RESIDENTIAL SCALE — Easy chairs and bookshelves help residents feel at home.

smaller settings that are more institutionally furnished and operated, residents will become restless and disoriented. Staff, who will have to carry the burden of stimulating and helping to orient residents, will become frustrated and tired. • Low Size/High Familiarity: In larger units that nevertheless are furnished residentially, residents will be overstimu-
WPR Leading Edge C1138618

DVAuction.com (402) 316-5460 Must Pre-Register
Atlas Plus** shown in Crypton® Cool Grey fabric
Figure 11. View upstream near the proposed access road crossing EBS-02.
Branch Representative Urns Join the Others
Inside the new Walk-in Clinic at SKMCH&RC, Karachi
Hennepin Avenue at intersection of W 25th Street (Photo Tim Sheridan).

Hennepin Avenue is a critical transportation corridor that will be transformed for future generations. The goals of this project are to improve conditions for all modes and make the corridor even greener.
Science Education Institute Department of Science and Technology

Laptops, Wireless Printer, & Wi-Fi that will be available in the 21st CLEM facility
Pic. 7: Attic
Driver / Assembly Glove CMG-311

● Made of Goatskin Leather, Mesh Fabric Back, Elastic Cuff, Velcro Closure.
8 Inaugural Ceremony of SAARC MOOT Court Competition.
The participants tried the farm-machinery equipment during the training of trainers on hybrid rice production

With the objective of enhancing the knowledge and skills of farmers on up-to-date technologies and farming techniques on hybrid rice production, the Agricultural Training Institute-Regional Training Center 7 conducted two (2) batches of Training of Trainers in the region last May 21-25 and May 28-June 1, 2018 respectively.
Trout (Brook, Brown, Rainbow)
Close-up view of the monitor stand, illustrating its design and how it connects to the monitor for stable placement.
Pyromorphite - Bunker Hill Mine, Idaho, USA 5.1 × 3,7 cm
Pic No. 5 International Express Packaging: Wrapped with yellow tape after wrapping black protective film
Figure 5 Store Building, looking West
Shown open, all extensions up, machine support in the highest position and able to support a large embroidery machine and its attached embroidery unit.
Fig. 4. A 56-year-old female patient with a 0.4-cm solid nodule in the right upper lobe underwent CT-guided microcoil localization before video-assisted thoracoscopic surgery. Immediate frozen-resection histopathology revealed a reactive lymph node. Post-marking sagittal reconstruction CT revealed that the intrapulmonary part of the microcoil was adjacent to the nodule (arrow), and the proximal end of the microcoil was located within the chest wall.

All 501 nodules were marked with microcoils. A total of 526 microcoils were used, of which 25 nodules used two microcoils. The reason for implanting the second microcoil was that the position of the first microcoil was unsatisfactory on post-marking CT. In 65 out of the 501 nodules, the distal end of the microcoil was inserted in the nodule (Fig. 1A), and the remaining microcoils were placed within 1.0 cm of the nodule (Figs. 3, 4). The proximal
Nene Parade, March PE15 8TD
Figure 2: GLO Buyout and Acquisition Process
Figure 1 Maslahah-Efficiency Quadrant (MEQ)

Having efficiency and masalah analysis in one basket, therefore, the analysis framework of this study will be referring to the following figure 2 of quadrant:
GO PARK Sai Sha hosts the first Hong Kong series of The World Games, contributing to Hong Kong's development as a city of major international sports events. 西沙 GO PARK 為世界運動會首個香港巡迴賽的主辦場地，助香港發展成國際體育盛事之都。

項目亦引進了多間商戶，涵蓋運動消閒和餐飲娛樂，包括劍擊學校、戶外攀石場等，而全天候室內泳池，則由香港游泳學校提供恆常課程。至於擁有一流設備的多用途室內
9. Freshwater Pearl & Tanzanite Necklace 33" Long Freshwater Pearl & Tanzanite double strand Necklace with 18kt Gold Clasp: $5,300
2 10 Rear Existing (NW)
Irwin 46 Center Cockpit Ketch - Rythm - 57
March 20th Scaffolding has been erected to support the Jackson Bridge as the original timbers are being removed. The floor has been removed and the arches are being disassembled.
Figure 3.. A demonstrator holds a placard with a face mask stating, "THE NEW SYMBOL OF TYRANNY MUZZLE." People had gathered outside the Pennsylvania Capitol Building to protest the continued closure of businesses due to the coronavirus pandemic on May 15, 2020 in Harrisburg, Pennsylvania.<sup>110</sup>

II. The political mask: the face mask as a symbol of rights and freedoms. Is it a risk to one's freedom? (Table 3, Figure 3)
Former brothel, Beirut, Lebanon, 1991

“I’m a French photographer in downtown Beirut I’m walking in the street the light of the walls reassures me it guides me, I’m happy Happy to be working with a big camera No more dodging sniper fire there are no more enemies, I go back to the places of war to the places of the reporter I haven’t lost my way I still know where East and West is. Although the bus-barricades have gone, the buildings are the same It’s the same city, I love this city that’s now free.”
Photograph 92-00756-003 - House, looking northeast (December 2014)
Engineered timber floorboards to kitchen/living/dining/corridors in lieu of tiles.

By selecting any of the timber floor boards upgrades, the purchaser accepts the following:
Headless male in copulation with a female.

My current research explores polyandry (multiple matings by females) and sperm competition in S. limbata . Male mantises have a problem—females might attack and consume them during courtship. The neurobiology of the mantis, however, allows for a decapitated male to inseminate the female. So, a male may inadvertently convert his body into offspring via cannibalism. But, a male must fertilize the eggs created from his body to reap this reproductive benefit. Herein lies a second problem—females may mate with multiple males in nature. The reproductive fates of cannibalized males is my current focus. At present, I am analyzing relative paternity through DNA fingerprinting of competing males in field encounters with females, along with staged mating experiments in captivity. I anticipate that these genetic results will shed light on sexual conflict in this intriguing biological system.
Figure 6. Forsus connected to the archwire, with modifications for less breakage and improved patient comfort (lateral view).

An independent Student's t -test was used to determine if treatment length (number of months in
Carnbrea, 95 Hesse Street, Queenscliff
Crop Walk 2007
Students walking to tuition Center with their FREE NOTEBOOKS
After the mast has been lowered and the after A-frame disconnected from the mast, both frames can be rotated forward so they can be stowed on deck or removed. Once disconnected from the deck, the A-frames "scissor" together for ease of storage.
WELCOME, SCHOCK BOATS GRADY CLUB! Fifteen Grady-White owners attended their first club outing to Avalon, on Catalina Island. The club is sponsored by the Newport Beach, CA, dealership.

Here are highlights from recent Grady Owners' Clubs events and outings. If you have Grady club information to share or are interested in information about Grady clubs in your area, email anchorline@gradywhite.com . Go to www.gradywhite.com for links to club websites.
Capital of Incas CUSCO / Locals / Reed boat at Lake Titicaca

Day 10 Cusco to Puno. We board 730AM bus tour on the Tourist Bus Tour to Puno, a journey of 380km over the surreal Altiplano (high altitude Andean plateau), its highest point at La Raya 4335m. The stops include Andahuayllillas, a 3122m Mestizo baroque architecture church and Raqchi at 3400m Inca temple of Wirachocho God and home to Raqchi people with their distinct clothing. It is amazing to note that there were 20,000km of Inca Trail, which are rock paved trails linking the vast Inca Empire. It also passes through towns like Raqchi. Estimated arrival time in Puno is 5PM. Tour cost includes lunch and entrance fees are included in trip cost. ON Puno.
---+---
**WHAT YOU NEED TO DO**
For the listing above, print only the lines starting at the line containing "Figure 11. View" and ending at the line containing "Fig. 4. A 56-year-old", exactly, both included.

**RESPONSE TO THE EXERCISE**
Figure 11. View upstream near the proposed access road crossing EBS-02.
Branch Representative Urns Join the Others
Inside the new Walk-in Clinic at SKMCH&RC, Karachi
Hennepin Avenue at intersection of W 25th Street (Photo Tim Sheridan).

Hennepin Avenue is a critical transportation corridor that will be transformed for future generations. The goals of this project are to improve conditions for all modes and make the corridor even greener.
Science Education Institute Department of Science and Technology

Laptops, Wireless Printer, & Wi-Fi that will be available in the 21st CLEM facility
Pic. 7: Attic
Driver / Assembly Glove CMG-311

● Made of Goatskin Leather, Mesh Fabric Back, Elastic Cuff, Velcro Closure.
8 Inaugural Ceremony of SAARC MOOT Court Competition.
The participants tried the farm-machinery equipment during the training of trainers on hybrid rice production

With the objective of enhancing the knowledge and skills of farmers on up-to-date technologies and farming techniques on hybrid rice production, the Agricultural Training Institute-Regional Training Center 7 conducted two (2) batches of Training of Trainers in the region last May 21-25 and May 28-June 1, 2018 respectively.
Trout (Brook, Brown, Rainbow)
Close-up view of the monitor stand, illustrating its design and how it connects to the monitor for stable placement.
Pyromorphite - Bunker Hill Mine, Idaho, USA 5.1 × 3,7 cm
Pic No. 5 International Express Packaging: Wrapped with yellow tape after wrapping black protective film
Figure 5 Store Building, looking West
Shown open, all extensions up, machine support in the highest position and able to support a large embroidery machine and its attached embroidery unit.
Fig. 4. A 56-year-old female patient with a 0.4-cm solid nodule in the right upper lobe underwent CT-guided microcoil localization before video-assisted thoracoscopic surgery. Immediate frozen-resection histopathology revealed a reactive lymph node. Post-marking sagittal reconstruction CT revealed that the intrapulmonary part of the microcoil was adjacent to the nodule (arrow), and the proximal end of the microcoil was located within the chest wall.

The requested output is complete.